By 2002, Fitzhugh began the label XS Records alongside former Puller and For Love Not Lisa member Mike Lewis, which would release records from Echocast, Stavesacre, Josh Todd, and Embodyment. On the Embodyment album, Songs for the Living, Fitzhugh was A&R for the record. Fitzhugh began to transition full-control to Garvin. Gray had departed to join Evanescence as their drummer, while Cory Putman returned as a guitarist. The initial plan was for Cory to take over vocals following Fitzhugh's departure and for Bryan Gray (The Blamed, ex-Left Out, ex-Six Feet Deep, ex-Blenderhead) to join on lead guitars. However, during Fitzhugh's final tour, Garvin decided to break the band up, with all the members going their separate ways in 2003. Following their disbanding, Fitzhugh would work on melodic death metal and southern metal band The Showdown's debut album, A Chorus of Obliteration, as a producer, with the album being released through Solid State. In 2005, Living Sacrifice released a compilation In Memoriam, which saw Fitzhugh, Gray, and Garvin reunite to record three new songs.

After the breakup, Fitzhugh and his former business partner and labelmate Mike Lewis would create the merchandise company known as Zambooie. Billy Power of Blenderhead would also join the company as a business owner. The company would hire several people in the music industry or who would go on into the music industry, most notably Andy Atkins of A Plea for Purging. In 2007, Fitzhugh produced another album by Further Seems Forever, former members of Strongarm, for their third album, The Final Curtain. In 2008, Living Sacrifice would reunite with Fitzhugh returning to the helm of vocals and rhythm guitars, with Gray returning on lead guitars, Green on bass, and Garvin on drums. With this reunion, the band recorded a two-song EP, Death Machine, which would be released independently.

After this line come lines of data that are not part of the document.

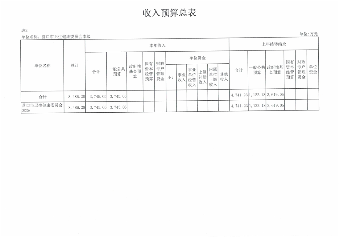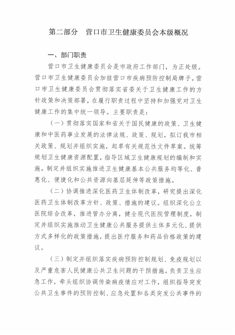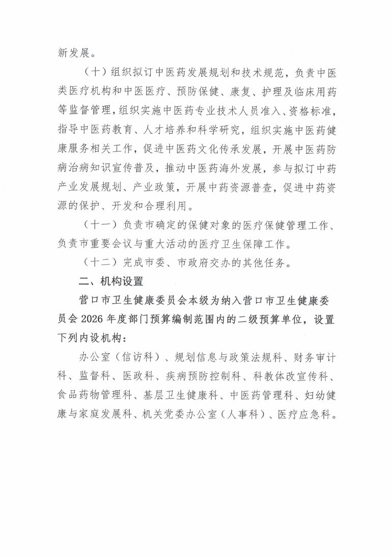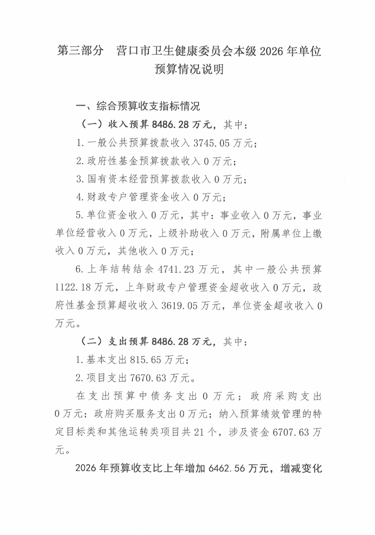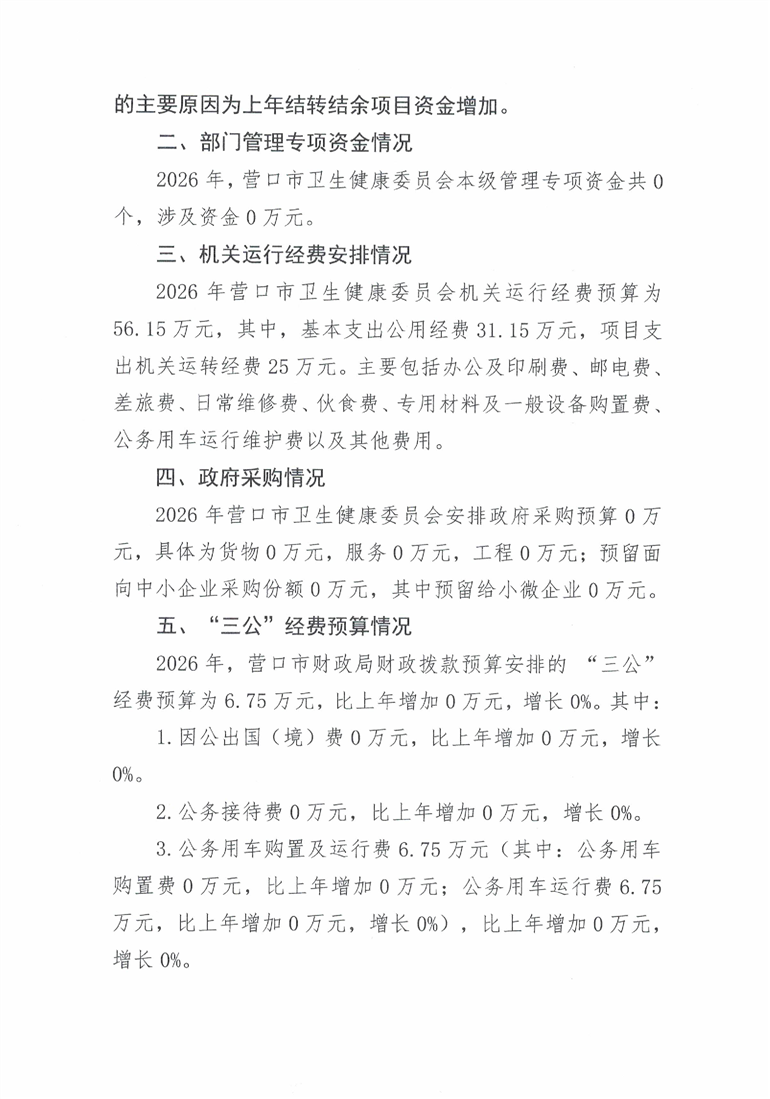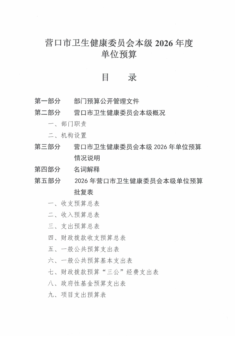 营口市卫生健康委员会本级2026年度单位预算
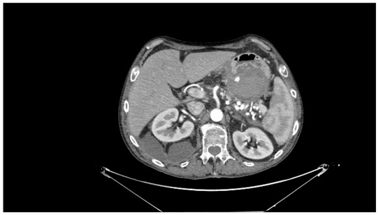 Contrast-enhanced abdominal computed tomography showing active bleeding inside a peripancreatic collection. Reproduced with permission from Bellio, G., et al. [29].
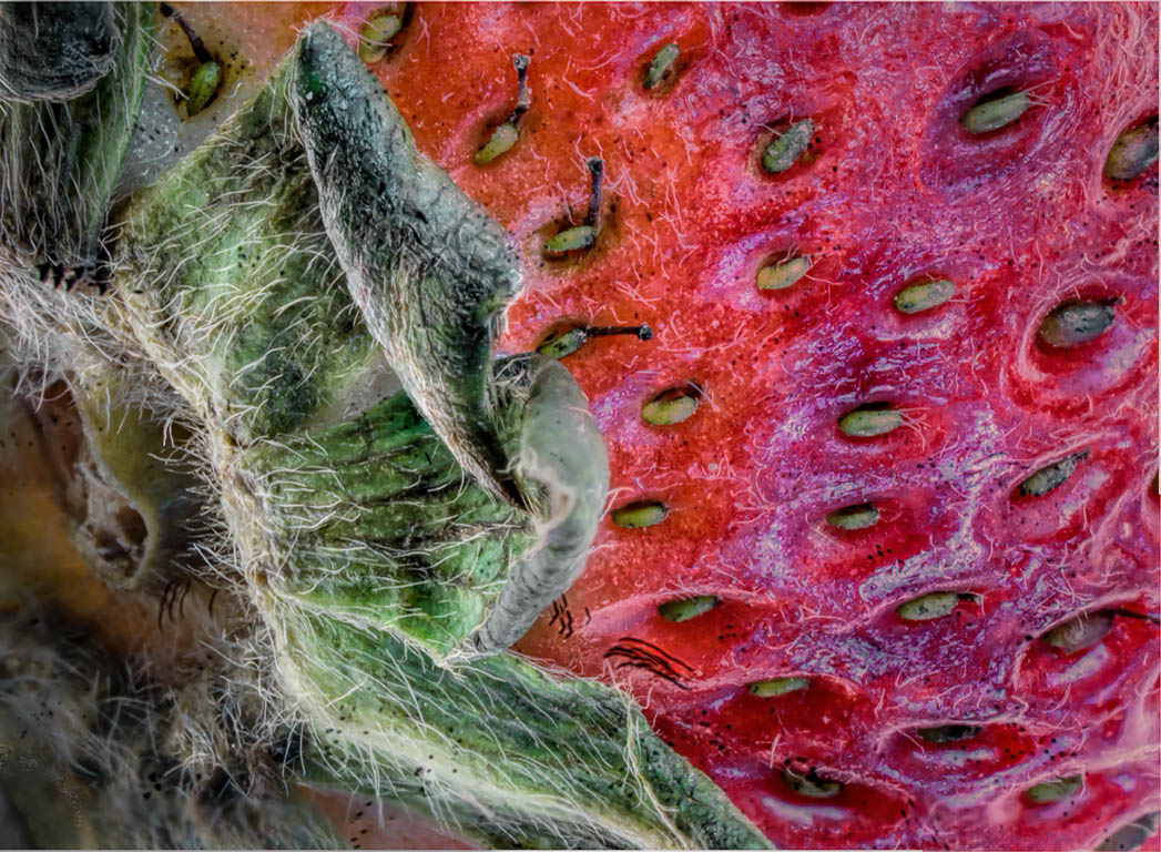 You have successfully captured a considerable amount of detail here with your application of focus stacking. However, the image appears to me to lack a sense of depth here. This is common in focus stacking, and often needs to be addressed in post processing. I also see a large amount of blue specular highlights in the strawberry with just don't seem to belong. Fortunately, these issues can be addressed in post processing. I would be tempted to select and darken the background portion of the image on the left, that being the part of the image that is behind the prickly leaf. This will allow the leaf to stand out some giving some dimension to the image. Also I would try to select and remove the blue specular highlights within the body of the strawberry (a luminosity mask would be helpful here). Finally I would enhance and darken slightly the color of the strawberry to allow it to recede slightly from the prickly leaf which appears to be extending out toward the viewer. I have applied some of these things to your image to illustrate my thoughts. See what you think!
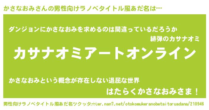| 胡散臭い通販商品みたいなあだ名 | 『億万長者になれるブレスレット…その名も「かさなおみ」』 |
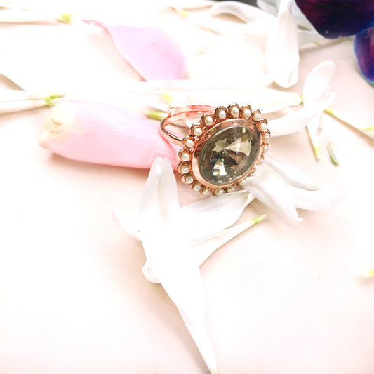 GOLDPLATED TOPAZ PEARL AURA PHULKARIYAAN RING
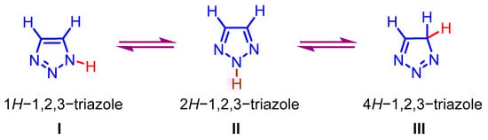 The 1,2,3-triazole scaffold is a highly potent nitrogen-containing heterocyclic structure that has found numerous applications [13]. It is an unsaturated, π-excessive, five-membered heterocycle with a 6π-electron delocalized ring system, imparting it with aromatic character. This framework can be readily synthesized via click chemistry, involving the reaction of an aryl/alkyl halide, alkynes, and NaN3 [14,15]. The 1,2,3-triazole molecule consists of three adjacent nitrogen atoms and two carbon atoms, all of which are sp2-hybridized. One nitrogen atom resembles pyrrole nitrogen, while the other two resemble pyridine nitrogen (Scheme 1). Over the past few decades, numerous synthetic methodologies have been developed, typically categorized into metal-free and metal-catalyzed approaches. These advancements provide new opportunities for incorporating this valuable moiety into biologically relevant compounds designed and developed by medicinal chemists. Unsubstituted 1,2,3-triazole exists in three distinct tautomeric forms (I, II, and III) (Scheme 1). Dipole moment measurements suggest that 83% of the equilibrium for 1,2,3-triazole favors the symmetrical 2H-1,2,3-triazole (II) form [16]. This property enhances the versatility and complexity of triazole’s chemical behavior, significantly impacting various chemical reactions and processes.
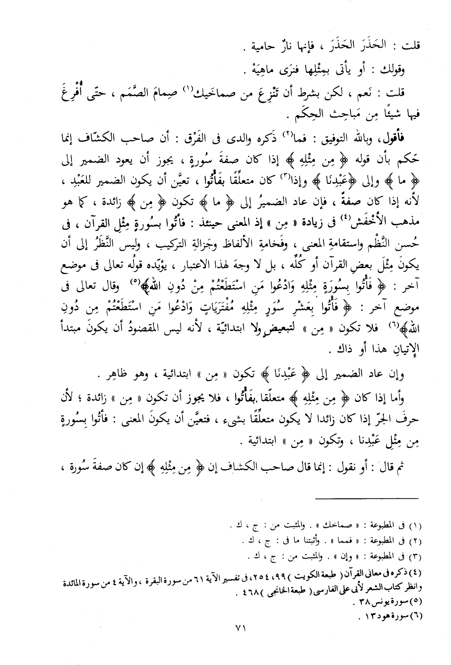 فَأَقُول وَبِاللَّهِ التَّوْفِيق فَمَا ذكره وَالِدي فِي الْفرق أَن صَاحب الْكَشَّاف إِنَّمَا حكم بِأَن قَوْله {من مثله} إِذا كَانَ صفة سُورَة يجوز أَن يعود الضَّمِير إِلَى {مَا} وَإِلَى {عَبدنَا} وَإِذا كَانَ مُتَعَلقا بفأتوا تعين أَن يكون الضَّمِير للْعَبد لِأَنَّهُ إِذا كَانَ صفة فَإِن عَاد الضَّمِير إِلَى {مَا} تكون {من} زَائِدَة كَمَا هُوَ مَذْهَب الْأَخْفَش فِي زِيَادَة من إِذْ الْمَعْنى حِينَئِذٍ فَأتوا بِسُورَة من مثل الْقُرْآن فِي حسن النّظم واستقامة الْمَعْنى وفخامة الْأَلْفَاظ وجزالة التَّرْكِيب وَلَيْسَ النّظر إِلَى أَن يكون مثل بعض الْقُرْآن أَو كُله بل لَا وَجه لهَذَا الِاعْتِبَار يُؤَيّدهُ قَوْله تَعَالَى فِي مَوضِع آخر {فَأتوا بِسُورَة مثله وَادعوا من اسْتَطَعْتُم من دون الله} وَقَالَ تَعَالَى فِي مَوضِع آخر {فَأتوا بِعشر سور مثله مفتريات وَادعوا من اسْتَطَعْتُم من دون الله} فَلَا تكون من لتبعيض وَلَا ابتدائية لِأَنَّهُ لَيْسَ الْمَقْصُود أَن يكون مُبْتَدأ الْإِتْيَان هَذَا أَو ذَاك
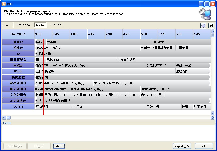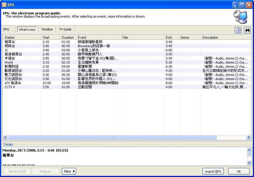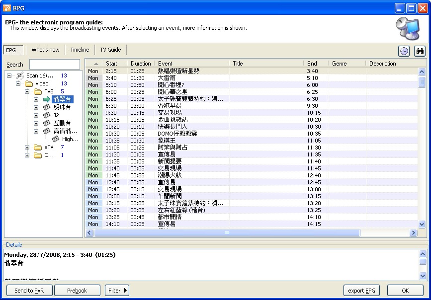 EPG 不同的顯示介面. 但唔知係DVB Viewer 問題定係電視台的問題, 有時某電視台o既EPG 資料會無故消失
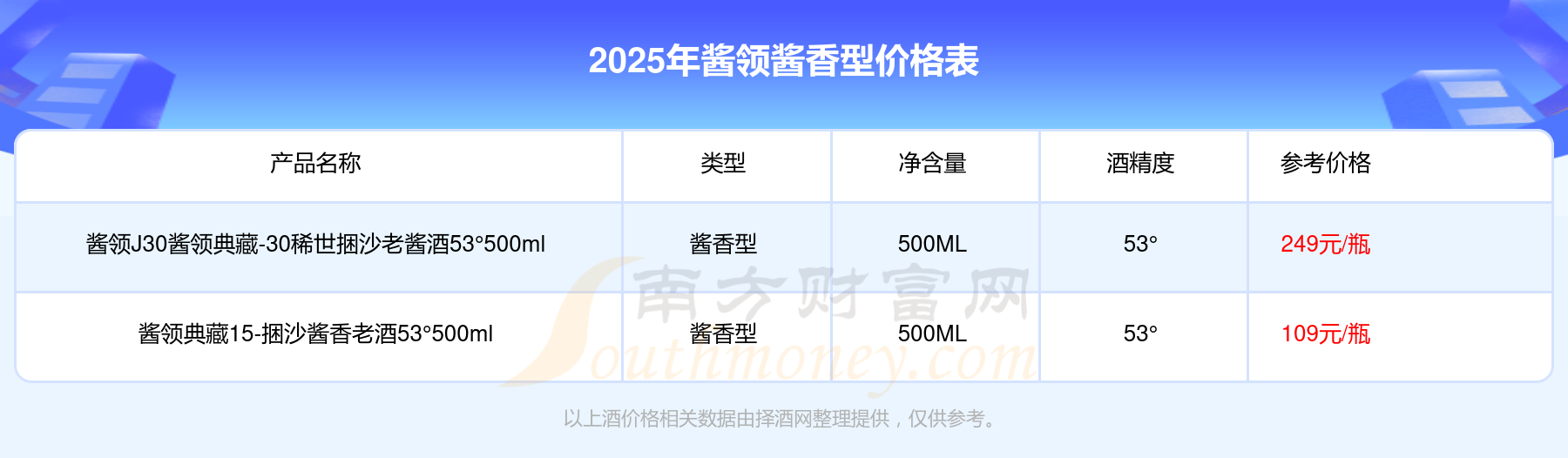 2025醬領醬香型酒最新價格:醬領J30醬領典藏-30稀世捆沙老醬酒53°500ml參考價249元/瓶、醬領典藏15-捆沙醬香老酒53°500ml參考價109元/瓶。

Re-signing with Solid State, the band began working on a new album, which would be titled The Infinite Order, which would be produced by their longtime friend Jeremiah Scott (Demon Hunter, The Showdown, Destroy Destroy Destroy) and mixed by Andy Sneap (Hell). In 2013, the band would release their eight studio album, Ghost Thief, which also saw Scott producing the record again. In 2015, Tripwire Interactive, a video game company owned by John Gibson, released the video game Killing Floor 2, with the soundtrack featuring several Living Sacrifice tracks, including a re-recorded version of "Something More" off of Reject. Fitzhugh and Scott would also write two songs, "Made for War" and "Defend the Crown", exclusively for the video game release. In 2020, Living Sacrifice planned a release for their 30th anniversary of a documentary of the band, which would also see a show with them and The Blamed, with members of the current lineup and former lineups performing, as well as Mark Garza of Embodyment and The Famine. However, due to the Coronavirus pandemic, the release and show was postponed. In 2024, it was announced Fitzhugh would be performing vocals for Extol at their performance at Furnace Fest.

==Discography==
With Living Sacrifice
- Not Yielding to Ungodly Demo (1989)
- Living Sacrifice (1991)
- Nonexistent (1992)
- Metamorphosis (1993)
- Inhabit (1994)
- Living Sacrifice '95 Demo (1995)
- Reborn (1997)
- The Hammering Process (2000)
- Subtle Alliance (2002)
- Conceived in Fire (2002)
- In Memoriam (2005)
- Death Machine (2008)
- The Infinite Order (2010)
- Ghost Thief (2013)

As Bruce Fitzhugh & Jeremiah Scott
- "Made for War" (2015)
- "Defend the Crown" (2015)

As Megabruce
- "Holy Wars... The Punishment Due" (2015; Originally performed by Megadeth)

Guest vocals
- "Religious Infamy" on the album Embrace the Eternal by Embodyment (1998)
- "Tear Us Apart" on the album Flesh & Blood by No Innocent Victim (1999)
- "Lies" on the demo album Origin by Evanescence (2000)
- "Breathing Murder" on the album Inhabit, by Living Sacrifice, covered by Aletheian (2002, Live)
- "Dagon Undone – The Reckoning" on the album A Chorus Of Obliteration by The Showdown (2004)
- "Sixteen" on the album Storm the Gates of Hell by Demon Hunter (2007)
- "The Electric Boogaloo" on the album Danza II: Electric Boogaloo by The Tony Danza Tapdance Extravaganza (2007)
- "S.O.T.S." on the album Wait for the Siren by Project 86 (2012)
- “Transhuman” on the album Mythos by Soul Embraced (2013)
- "The Mountain" on the album Possession by Benea Reach (2013)
- "The Escapist" the single, by Broken by the Burden (2014)
- "Lost" on the album Oh, the Suffering, by Becoming Saints (2016)
- "Skin Crawl" (feat. Daniel Weyandt of Zao and Brian "Head" Welch of Korn) on the album It's Not Easy Being Human, by Islander (2022)
- "Hymn to Marduk II" on the album The Black Nativity by A Hill to Die Upon (2023)

Production
- Where Blood and Fire Bring Rest - Zao (1998)
- Eso-Charis - Eso-Charis (1998)
- Regeneration of Self - Few Left Standing (1999)
- Songs for the Living - Embodyment (2002)
- A Chorus of Obliteration - The Showdown (2004)
- The Final Curtain - Further Seems Forever (2007)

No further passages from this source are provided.